Optum is a global organization that delivers care aided by technology to help millions of people live healthier lives. The Lead AI/ML Engineer will drive the design, development, and operationalization of AI/ML solutions to improve the reliability and clinical impact of workflows, while mentoring engineers and collaborating with various teams.
Responsibilities:
- Lead the architecture and implementation of scalable AI/ML solutions integrated into the OCM ecosystem (APIs, event streams, workflow engines, and integration layers)
- Own end-to-end ML lifecycle: problem framing, feature engineering, model development, validation, deployment, monitoring, drift detection, retraining strategy
- Establish best practices for MLOps: CI/CD for ML, model registries, automated evaluation gates, reproducible training, and secure deployment patterns
- Build production-grade inference services (real-time and batch) with clear SLOs, instrumentation, and rollback strategies
- Define and enforce data governance for ML features and training datasets (quality checks, lineage, documentation)
- Partner with product and clinical stakeholders to identify high-impact use cases and translate them into measurable outcomes (quality, productivity, stability, member/patient impact)

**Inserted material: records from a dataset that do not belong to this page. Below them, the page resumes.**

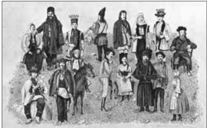
Народи, що населяють Буковину. Стара листівка

1849 р. — Буковина отримує автономію від Галичини. Тепер це
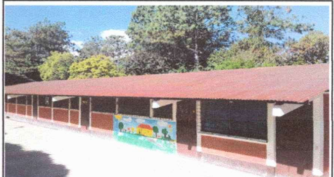
FOTO 2 Módulo 1: Sustitución de capote de lámina por capote de lámina troquelada.
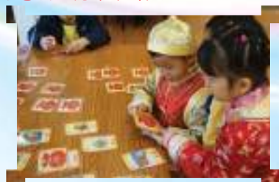
中國文化嘉年華-攤位遊戲
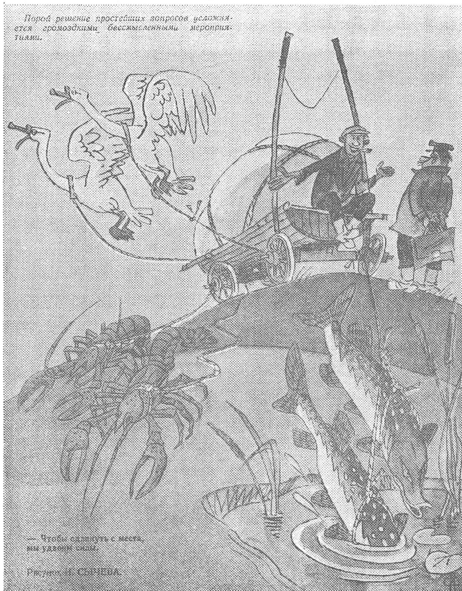
Erst die Belehrung (links oben): «Manchmal wird die Lösung einfachster Fragen durch umständliche, sinnlose Massnahmen kompliziert.» Und dann der Witz: «Um die Fuhr vom Fleck zu kriegen, haben wir unsere Kräfte verdoppelt.» (Nr. 4/80)

- Embed AI into workflows responsibly, with explainability, auditing, and human-in-the-loop guardrails
- Implement ML monitoring (performance, drift, bias checks where applicable) and integrate signals into operational dashboards and alerting
- Ensure solutions meet security and compliance needs (PHI/PII protection, least-privilege access, auditability)
- Drive responsible AI practices: evaluation transparency, documentation, risk assessment, and safe deployment patterns
- Mentor and guide ML engineers and software engineers-raising the bar on engineering quality, design rigor, and operational excellence
- Lead technical design reviews, influence platform direction, and align teams across engineering, data, operations, and product
- Act as a team player: unblock others, foster shared ownership, and improve execution predictability
Requirements:
- Bachelor's Degree in Computer Science, Data Science, Artificial Intelligence, Machine Learning, Engineering, or a related STEM field
- 10+ years of software engineering experience with 3+ years building and deploying ML systems into production
- Proven hands-on experience delivering end-to-end ML solutions (data model deployment monitoring iteration)
- Experience building API-based inference services and data pipelines in cloud-native environments (containerization, orchestration, CI/CD)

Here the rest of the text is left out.